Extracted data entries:
◇ ◇ ◇ ◇

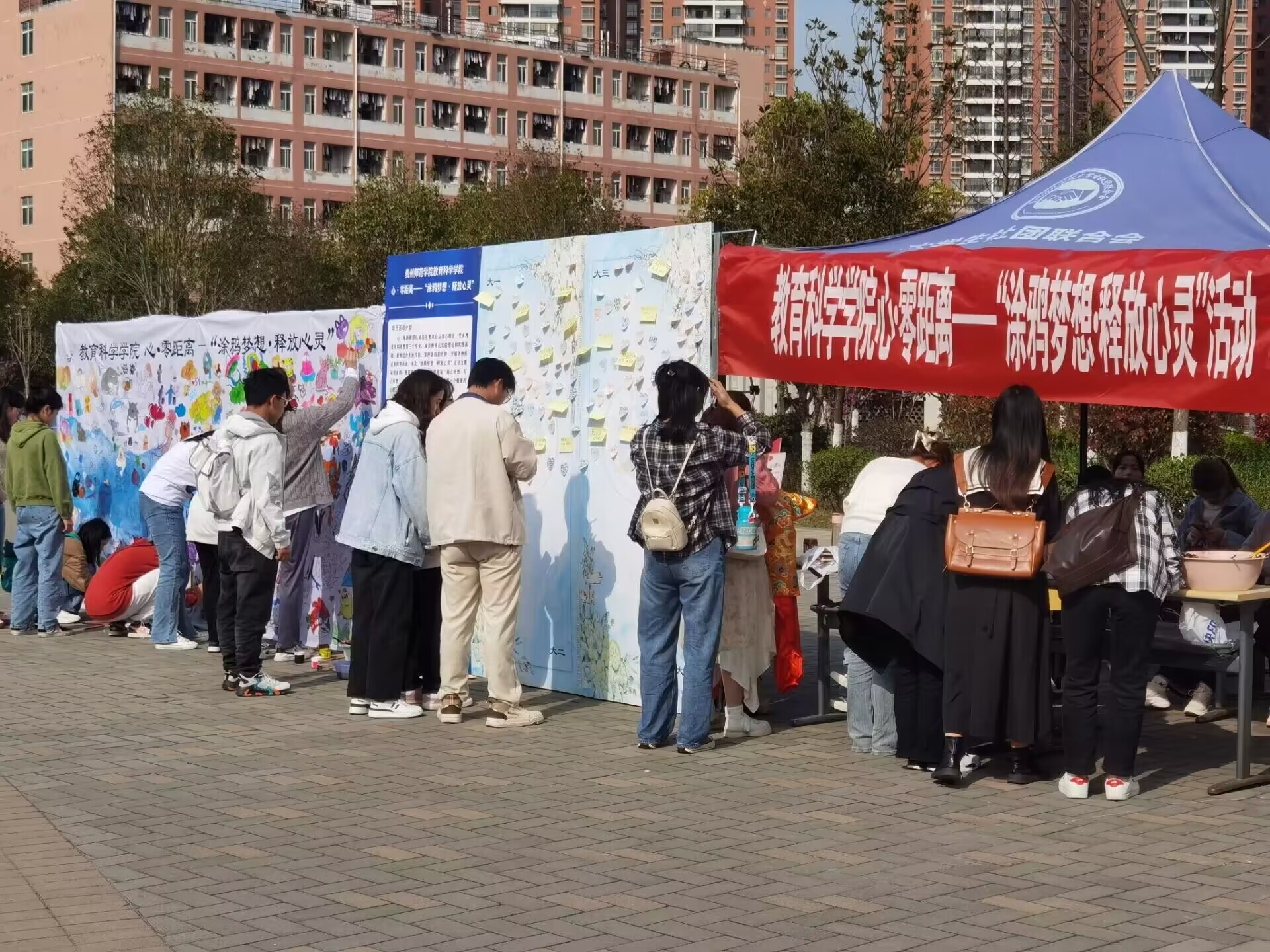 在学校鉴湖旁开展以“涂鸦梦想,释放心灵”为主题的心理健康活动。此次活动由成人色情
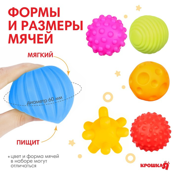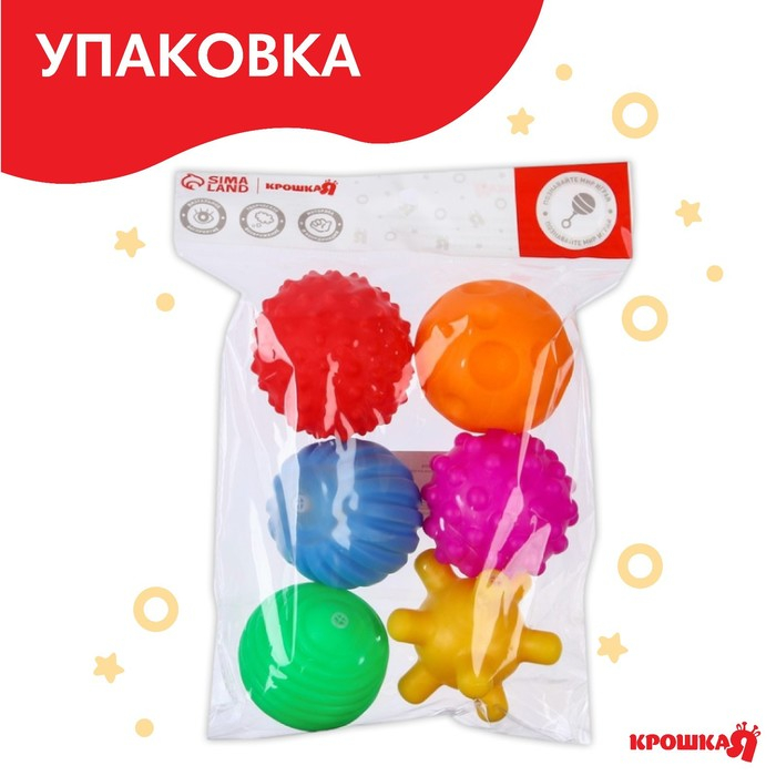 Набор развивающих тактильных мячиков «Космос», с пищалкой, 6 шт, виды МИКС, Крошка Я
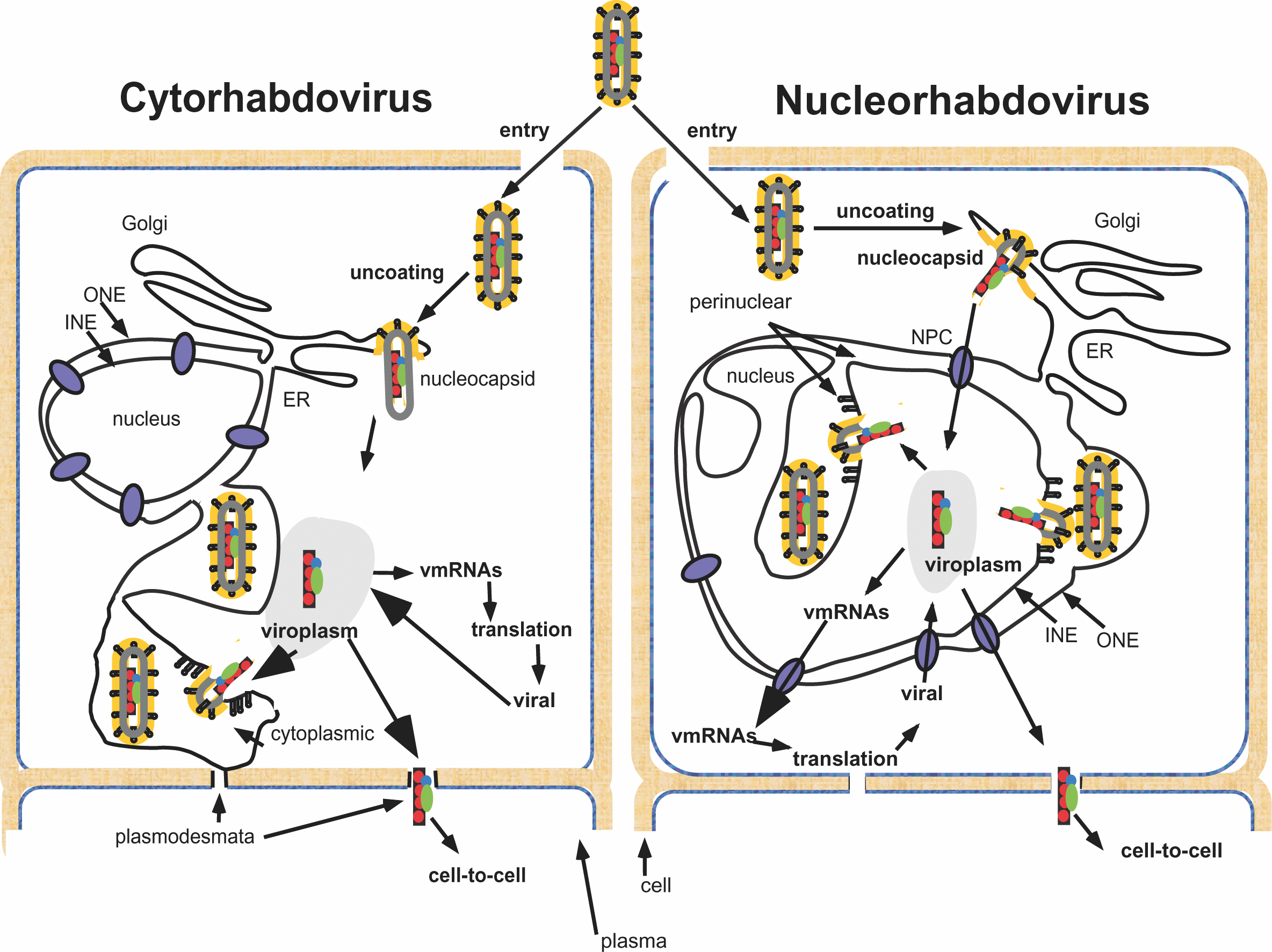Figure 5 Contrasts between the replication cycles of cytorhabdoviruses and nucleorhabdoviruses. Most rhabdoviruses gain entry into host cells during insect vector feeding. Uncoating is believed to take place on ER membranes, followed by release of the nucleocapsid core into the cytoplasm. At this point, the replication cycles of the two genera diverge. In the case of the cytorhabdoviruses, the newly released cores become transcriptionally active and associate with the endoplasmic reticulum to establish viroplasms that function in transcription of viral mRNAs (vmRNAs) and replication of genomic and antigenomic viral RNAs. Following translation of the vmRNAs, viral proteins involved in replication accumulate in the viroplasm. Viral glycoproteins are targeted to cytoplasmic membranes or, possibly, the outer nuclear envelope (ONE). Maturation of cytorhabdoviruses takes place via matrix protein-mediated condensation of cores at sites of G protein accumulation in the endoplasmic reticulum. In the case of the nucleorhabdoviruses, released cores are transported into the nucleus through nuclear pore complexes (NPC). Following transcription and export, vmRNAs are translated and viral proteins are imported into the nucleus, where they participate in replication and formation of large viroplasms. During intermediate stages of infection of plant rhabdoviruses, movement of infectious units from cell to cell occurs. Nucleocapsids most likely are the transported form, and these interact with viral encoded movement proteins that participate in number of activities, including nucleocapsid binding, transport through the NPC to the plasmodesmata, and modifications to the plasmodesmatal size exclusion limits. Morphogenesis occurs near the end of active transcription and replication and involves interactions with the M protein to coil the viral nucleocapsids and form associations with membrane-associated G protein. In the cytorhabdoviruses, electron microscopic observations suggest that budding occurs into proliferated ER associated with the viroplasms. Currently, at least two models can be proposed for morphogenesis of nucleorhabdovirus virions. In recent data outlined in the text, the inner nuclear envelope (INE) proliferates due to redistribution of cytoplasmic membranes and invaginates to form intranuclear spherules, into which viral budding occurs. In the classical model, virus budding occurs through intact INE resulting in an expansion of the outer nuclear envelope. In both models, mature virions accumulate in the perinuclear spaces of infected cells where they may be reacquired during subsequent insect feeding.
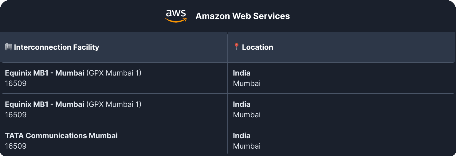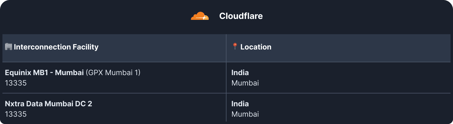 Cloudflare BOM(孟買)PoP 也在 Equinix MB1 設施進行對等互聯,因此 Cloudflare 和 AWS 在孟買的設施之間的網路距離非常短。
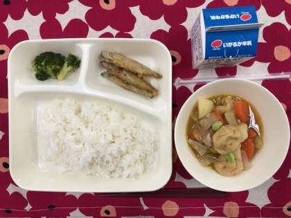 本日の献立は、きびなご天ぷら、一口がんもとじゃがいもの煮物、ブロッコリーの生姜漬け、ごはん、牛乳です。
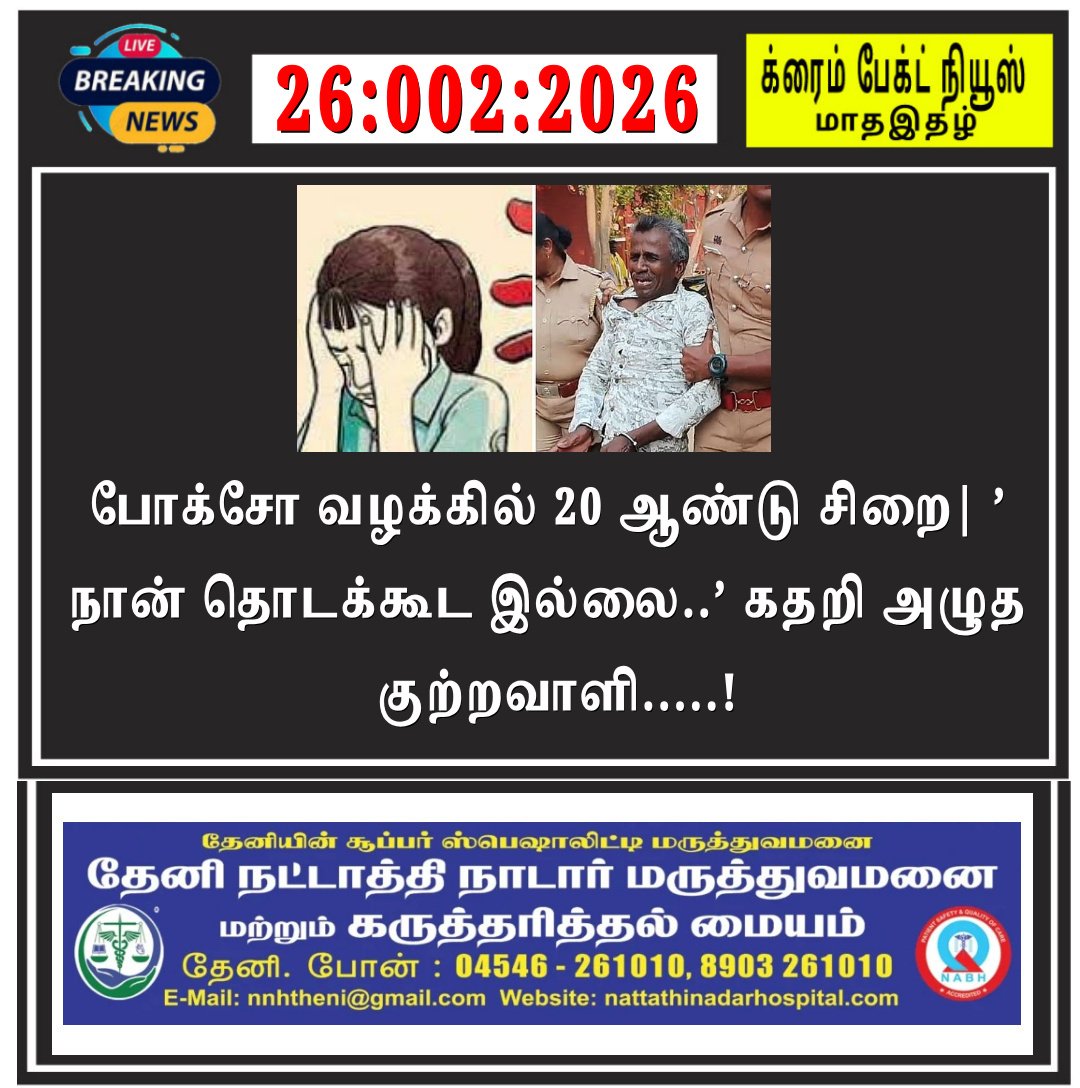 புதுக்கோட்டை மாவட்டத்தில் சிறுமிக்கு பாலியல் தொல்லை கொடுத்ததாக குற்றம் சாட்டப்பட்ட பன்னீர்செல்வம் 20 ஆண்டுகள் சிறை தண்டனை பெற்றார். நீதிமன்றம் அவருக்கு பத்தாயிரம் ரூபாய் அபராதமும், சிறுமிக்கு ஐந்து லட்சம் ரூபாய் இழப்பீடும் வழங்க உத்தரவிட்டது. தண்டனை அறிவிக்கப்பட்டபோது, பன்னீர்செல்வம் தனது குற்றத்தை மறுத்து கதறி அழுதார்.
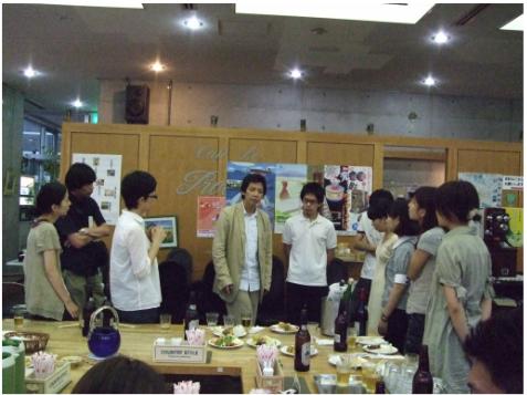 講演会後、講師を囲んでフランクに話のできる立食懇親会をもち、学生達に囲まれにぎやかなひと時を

◇ ◇ ◇ ◇

Task item:
In the records above, locate the line with "புதுக்கோட்டை மாவட்டத்தில் சிறுமிக்கு"; output it and each line after it through the last one, exactly, omitting pictures.

Exercise output:
 புதுக்கோட்டை மாவட்டத்தில் சிறுமிக்கு பாலியல் தொல்லை கொடுத்ததாக குற்றம் சாட்டப்பட்ட பன்னீர்செல்வம் 20 ஆண்டுகள் சிறை தண்டனை பெற்றார். நீதிமன்றம் அவருக்கு பத்தாயிரம் ரூபாய் அபராதமும், சிறுமிக்கு ஐந்து லட்சம் ரூபாய் இழப்பீடும் வழங்க உத்தரவிட்டது. தண்டனை அறிவிக்கப்பட்டபோது, பன்னீர்செல்வம் தனது குற்றத்தை மறுத்து கதறி அழுதார்.
 講演会後、講師を囲んでフランクに話のできる立食懇親会をもち、学生達に囲まれにぎやかなひと時を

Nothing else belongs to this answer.